In a study, self-standing 3D meshes of interconnected MWCNTs were manufactured. Such three-dimensional (3D) mesh of pure carbon nanotubes can open new horizons in treating injured CNS tissues, such as the spinal cord. MWCNTs – based 3D structure was interfaced in vitro with long-term, cocultured pairs of mouse organotypic spinal cord explants that led to the development of spinal networks over extended periods. For the first time the study also reported in vivo implantation of 3D carbon nanotube frame materials in four adults male Wistar rats led to tissue reaction and glial scar formation.95

In a study neurite outgrowth from primary dorsal root ganglia (DRG) was evaluated in the presence or absence of electrical stimulation and SWCNT were selected as model nanofiller to manipulate the electrical properties of a collagen type I-10% Matrigel™ composite hydrogel. DRG were encapsulated within SWCNT-collagen I-10% Matrigel™ composite hydrogel (20-100-μg/ml) and nanomaterial-free collagen I-10% Matrigel™. The nanofillers influence on neurite outgrowth, with or without electrical stimulation. Neurite outgrowth were measured in response to both nanomaterials loading and electrical stimulation. Increased SWCNT loading (10-100-μg/ml) resulted in great bulk conductivity up to 1.7-fold whereas neurite outgrowth increases 3.3-fold in 20-μg/ml SWCNT loaded biomaterials.
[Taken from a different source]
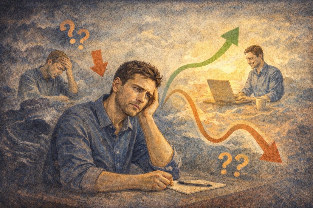 Человек может пройти значительный путь: дыхание становится легче, появляется энергия, возвращается к социальным взаимодействиям. Но иногда, после такого прогресса, наступает период, когда тревога возрастает, а энергия покидает. В этот момент возникает мысль: "Вот, я снова вернулся туда же". Однако терапевтический процесс редко идет по прямой линии. Он напоминает море: волны поднимаются и спадают, и в этом нет ничего плохого.

Electrical stimulation of SWCNT-free control resulted in a 2.9-fold increase in outgrowth. In concurrent electrical stimulation of SWCNT-loaded with biomaterials resulted in a 7.0-fold increase in outgrowth relative to unstimulated nanofiller- free controls. Therefore, SWCNT-composite hydrogels do enhance neuronal outgrowth, and with combination of electrical stimulation a further increase to neurite extension is expected.96

CNTs can accumulate due to consequent reduction in size leading to multifunctional defects in organ systems, particularly hearts and lungs. Metal traces available in nanotubes can also cause toxicity. SWCNTs affect the spinal cord or DSR due to high degree of accumulation, reduces the DNA content in the cells and causes ultrastructural and morphological changes in cultured skin cells.89

MWCNTs are more toxic as compared to SWCNTs. MWCNT toxicity causes loss of cell viability through programmed cell death thus having genotoxicity effects leading to mutations. Recently, researchers have warranted of nonoxidative stress-mediated pathway of cellular damage.89 A study has reported that environmental and occupational exposure to respirable particulates such as MWCNT can induce acute neuroinflammation.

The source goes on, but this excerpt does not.